Index Number: 197.00-00

 

Release Date: 12/23/2005

 

Date: September 15, 2005

 

Refer Reply To: CC:PSI:B06 - PLR-139794-04

 

 

LEGEND:

 

 

A = * * *

 

B = * * *

 

C = * * *

 

D = * * *

 

E = * * *

 

x = * * *

 

SB/SE Official = * * *

 

 

Dear * * *:

This responds to your request dated June 21, 2004, and supplemental correspondence, for a letter ruling under § 197 of the Internal Revenue Code as to the proper treatment of goodwill when such goodwill is purchased from a related corporation in a transaction to which the anti-churning rules of § 197(f)(9) do not apply.

 

FACTS

 

 

Taxpayer, an S corporation, was incorporated under the laws of the state of * * * in * * * and is engaged in the business of selling store fixtures to retail stores located throughout the United States.
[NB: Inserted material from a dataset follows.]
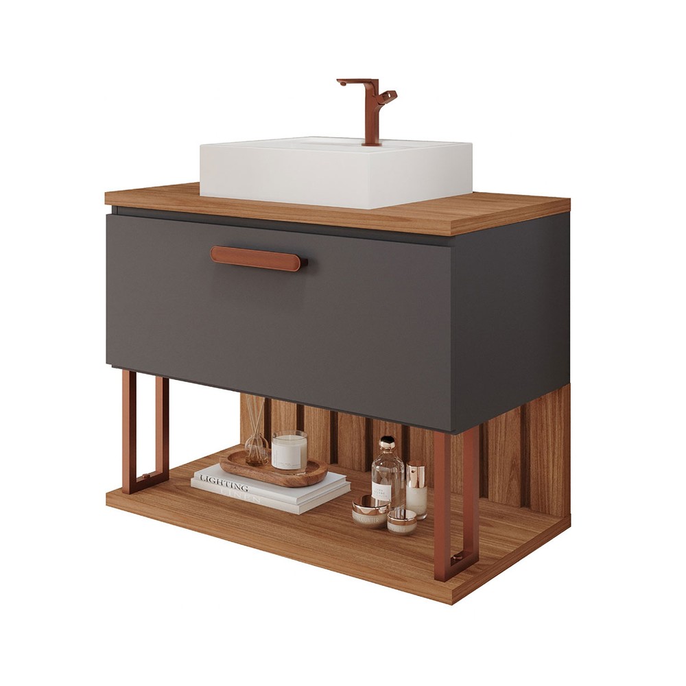 Armário de Banheiro Duna 80 Cm 1 Porta 100% Mdf Titanium/Freijó - Mgm Móveis

Taxpayer began operations during 1994. None of the assets used in the formation of Taxpayer constituted a previous trade or business.

Taxpayer has two 50% shareholders, A and B. Taxpayer's general manager is C. C has no ownership interest in Taxpayer.

Taxpayer will form New Corp, which will be 90% owned by B and 10% by C. Once formed, New Corp will make an election to be treated as an S corporation and will operate in the same locations, industry, and manner that Taxpayer operated. Since B is a 50% shareholder of Taxpayer and will be a 90% shareholder of New Corp, Taxpayer and New Corp are related parties for purposes of section 197(f)(9).

D, who indirectly owns 50% of Taxpayer through A, desires to retire and sever all ties with Taxpayer. E, who owns 50% of Taxpayer through B, desires to continue Taxpayer's business. C desires to obtain an ownership interest in Taxpayer's business. To effectuate these aims, E and C have decided to form New Corp to purchase the assets and assume the liabilities of Taxpayer. New Corp's purchase price will be equal to the fair market value of the Taxpayer's assets, or approximately $x, at the time of sale.

New Corp will purchase the Taxpayer's assets by issuing Taxpayer two installment notes. Each installment note will represent 50% of the fair value of the total assets, less the amount of debt assumed. Each note will contain a stated interest rate of %. Both notes will require monthly interest payments over their respective lives. One of the installment notes ("Note 1") will require principal payments during the years * * *, * * *, * * *, * * *, and * * *. The other installment note ("Note 2") will require principal payments during the years * * *, * * *, * * *, and * * *. The portion of the gain on the asset sale that is attributable to the installment notes will be deferred pursuant to § 453, except to the extent of any principal paid during the year of sale and any section 1245 or section 1250 recapture. Any gain attributable to the assumption of liabilities by New Corp will be taxable in the year of sale. Taxpayer will be subject to a tax on built-in gains under § 1374.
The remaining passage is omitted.